А так как к счастью легче привыкаешь, чем к горю, то, подъезжая к отелю, Франсуа д’Этуаль начинал рассматривать свою любовь, которой он жил до сих пор, как нечто реальное.
У отеля он вышел. Ему надо было переодеться, прежде чем отправиться на обед к англичанам.
Но как ни хотелось ему поскорее увидеть Эдит, он стоял на тротуаре, глядя вслед автомобилю до тех пор, пока тот не скрылся за углом, направляясь к отелю «Орел», расположенному в сотне шагов от него.
V. Еще одно предложение
править— Мое почтение, герр инженер! — услышал Франсуа, проходя через вестибюль гостиницы.
Машинально он поклонился в ответ и хотел пройти мимо.
Но не тут-то было! Перед самым носом инженера возникла тяжеловесная, коренастая фигура, заслонившая собой путь на лестницу.
Инженер сделал нетерпеливое движение, но быстро передумал, так как позади фон Краша — именно этот немец и задержал его — он увидал женскую фигуру.
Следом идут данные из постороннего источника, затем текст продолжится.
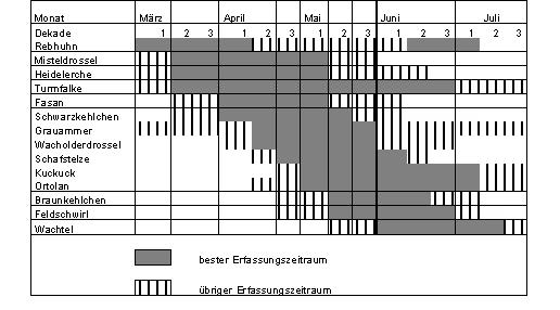 Liebe Freunde und Mitarbeiter, in diesem Jahr steht gemäß Beschluss der ![]() ![]() ![]() kulturen. Daneben sollen auch „mittelhäufige“ Arten möglichst flächendeckend erfasst werden, um aktuelle Daten für die ![]() Folgende Arbeitsschwerpunkte haben wir uns für 2007 vorgenommen: Im Rahmen der Kartierungen für unsere geplante Avifauna und das ADEBAR-Projekt (Atlas deutscher Brutvogelarten) wollen wir bis spätestens 2008 weitere Kenntnislücken schließen: ![]() ![]() ![]() ![]() ![]() Bestandsaufnahme von Brutvögeln der Offenlandschaft Als „Offenlandschaft“ werden alle nicht bewaldeten und nicht bebauten Flächen bezeichnet, also im Wesentlichen landwirtschaftlich genutzte Gebiete mit den dazugehörigen Strukturen wie Hecken, Feldgehölze, Wegränder usw. Dieser Landschaftstyp ist mit rd. 700 km ² der im Kreisgebiet am weitesten verbreitete. Die Vogelwelt landwirtschaftlich genutzter Flächen hat in den letzten Jahrzehnten die stärksten Veränderungen hinnehmen müssen, wie das Beispiel „Wiesenvögel“ deutlich macht. Aber auch die Vögel der Ackerlandschaft sind von neuen Entwicklungen, wie zunehmendem Maisanbau, betroffen. Aktuelle Daten zu Brutvogelvorkommen in verschiedenen Ackerkulturen sind in dieser Diskussion dringend erforderlich. Für die diesjährige Kartierung sind zwei Schwerpunkte geplant: I. Kreisweite Kartierung ausgewählter Arten: Ortolan: Letzte kreisweite Kartierung 1996 (PLINZ), inkl. Nachkartierungen bis 2000 882 Reviere. Zwischenzeitlich Bestandsaufnahmen in mehreren EU-Vogelschutzgebieten, in einigen Gebieten augenscheinlich Zunahme. Braunkehlchen: Letzte kreisweite Kartierung 1995 (PLINZ). Damals noch 790 Reviere, gegenüber 1985 (1032 Reviere) deutlicher Rückgang. Seither scheint der Bestand in den meisten Gebieten weiter rückläufig zu sein. Grauammer: Letzte kreisweite Kartierung 1996 mit 35 Revieren (PLINZ 2002), 2004 dagegen in der Landgrabenniederung rd. 50 Reviere (KELM). Seither leichte Zunahmetendenz, besonders auch im Elbetal. Zusätzlich sollten noch folgende Arten mit kartiert werden: Turmfalke, Fasan, Rebhuhn, Wachtel, Kuckuck, Schwarzkehlchen, Mistel- und Wacholderdrossel, Feldschwirl, in Teilbereichen auch Schafstelze und Heidelerche. Die kreisweite Kartierung kann mit dem Rebhuhn Anfang März bei gutem Wetter (windstille, milde Abende) beginnen und Mitte Juli mit der Wachtel enden. Die wichtigste Phase liegt zwischen Ende April und Ende Juni mit den Aktivitätsschwerpunkten bei Ortolan, Braunkehlchen und Grauammer. Hinweise zur Methode: Für die kreisweite Kartierung von Ortolan, Grauammer und Braunkehlchen sollten die in Frage kommenden Lebensräume möglichst dreimal kontrolliert werden. Die anderen aufgeführten Arten sollten als „Beifang“ mit kartiert werden, lediglich für die Rebhuhnerfassung sind gesonderte Kontrollen notwendig. Beobachtungen (siehe Abkürzungen in Klammern) der verschiedenen Durchgänge sollten mit unterschiedlichen Farben in die Karte (1:25.000) eingetragen werden. Bei Brutnachweisen bitte das Artkürzel einkreisen: (Bk), für Brutverdacht (z.B. warnende Altvögel) unterstreichen: Bk. Hilfreich bei der Kartierung des Ortolans ist der Einsatz einer Klangattrappe. Braunkehlchen (Bk): Kartierung singender Männchen, einzelner und verpaarter Vögel, insbesondere warnender und fütternder Altvögel. Da sich Durchzug und Brutbeginn bis Mitte / Ende Mai überschneiden, sollte versucht werden, frühere Beobachtungen durch Nachweise ab Ende Mai zu bestätigen. Bitte unbedingt Angaben zum Verhalten und zum Lebensraum machen und auf fütternde Altvögel achten. Wenn möglich, Bruterfolg notieren (flügge Junge). Ortolan (O): Kartierung singender Männchen ab Ende April, ab Anfang Juni auch warnender und fütternder Altvögel. Günstigste Kartierzeit ab Sonnenaufgang bis 5 Stunden danach. Lebensräume: Von Bäumen, Feldgehölzen untergliederte Ackerlandschaften bzw. Waldränder. Grauammer (Ga): Kartierung singender Männchen ab Mitte April, ab Mitte Mai auch warnender und fütternder Altvögel. Im Kreisgebiet vor allem auf den Geestinseln Öring und Lemgow und in der Lüchower Landgrabenniederung sowie bei Harpe, neuerdings aber auch an mehreren Stellen im Elbetal und auf dem Höhbeck. Turmfalke (Tf): Alle Beobachtungen von Mitte März bis Ende Juni kartieren. Rebhuhn (Re): Kartierung rufender Männchen von Anfang März bis Anfang April in der Abenddämmerung von Sonnenuntergang bis Dunkelheit zu Fuß oder mit dem Fahrrad entlang der Feldwege. Zusätzlich auch danach alle Sichtbeobachtungen von Einzelvögeln, Paaren und Familien notieren. Wachtel (Wa): Kartierung rufender Männchen ab Ende Mai bis Mitte Juli, günstigste Zeit in der Morgen- und Abenddämmerung. Möglichst Feldfrucht des Rufortes notieren. Fasan (Fa): Alle Beobachtungen kartieren, insbesondere rufende Hähne. Kuckuck (Ku): Ab Anfang Mai bis Ende Juni Kartierung rufender Männchen bzw. lockender Weibchen. Beste Tageszeit: vor Sonnenaufgang. Wegen großer Streifgebiete der Männchen benachbarte Reviere nur bei gleichzeitiger Feststellung kartieren. Heidelerche (He): Kartierung vor allem in bislang wenig erfassten Bereichen. Ankunft Mitte März, Gesang bis Anfang Juni. Wiesenschafstelze (St): Erfassung singender Männchen, Vögel auf Sitzwarten und fütternder Altvögel von Ende April bis Anfang Juni. Kolonieartiges Brüten möglich, weite Nahrungsflüge. Zugtrupps können bis Ende Mai auftreten. Misteldrossel (Md): Brutvogel strukturreicher, von Feldgehölzen und Wäldern durchsetzter Landschaft sowie in Nadelwäldern. Kartierung singender Männchen, auch Nahrung suchender Paare, später auch warnender Altvögel (brütet sehr früh) bis Mitte Mai. Wacholderdrossel (Wd): Brutvogel vor allem in den Flussniederungen und im niederen Drawehn, gern in Pappelbeständen oder Baumreihen. Kartierung singender und warnender Vögel ab Mitte April. Schwarzkehlchen (Sk): Alle Feststellungen kartieren, dabei sind Angaben zum Verhalten wichtig (Gesang, warne

В ней узнал свою вторую пассажирку, которую доставил в Мурмелон.
— Отец мадемуазель… — проговорил он вежливо.
— Не мадемуазель, а мадам Маргариты, — поправил немец. — Маргарита — разведенная супруга профессора, который сделал ее несчастной, каналья!
И когда молодой человек жестом выразил недоумение по поводу такой откровенности, фон Краш замолчал.
— Прежде всего я должен поблагодарить вас за то, что вы отнеслись так мило к легкомысленной выходке Марги…
— О! Мадам сделала весомый вклад в дело развития авиации…
— Но вы-то им не воспользуетесь, герр инженер. За вами останется ореол бескорыстной любезности… И я этому рад, так как могу, не имея с вами никаких денежных счетов, высказать вам все мое преклонение.
Вдруг он прервал себя:
— Мне кажется, однако, вы спешите…
— Да… я приглашен на обед… Должен переодеться…
— Не беда. Я отниму у вас не более пяти минут. И, надеюсь, вы не пожалеете, что выслушали меня!
Голос толстяка звучал так решительно, что Франсуа не рискнул его остановить. Он толкнул дверь в читальню и курительную комнату, предоставленную в пользование обитателей гостиницы:
— Здесь мы можем переговорить, нам никто не помешает. — Инженер пропустил вперед отца и дочь.
Фон Краш следил за каждым его движением с видом полного удовлетворения.
— Так как у вас мало времени, герр инженер, я сразу перейду к делу… И вы, и я обладаем математическим складом ума. Будет лучше, если мы поговорим на языке цифр.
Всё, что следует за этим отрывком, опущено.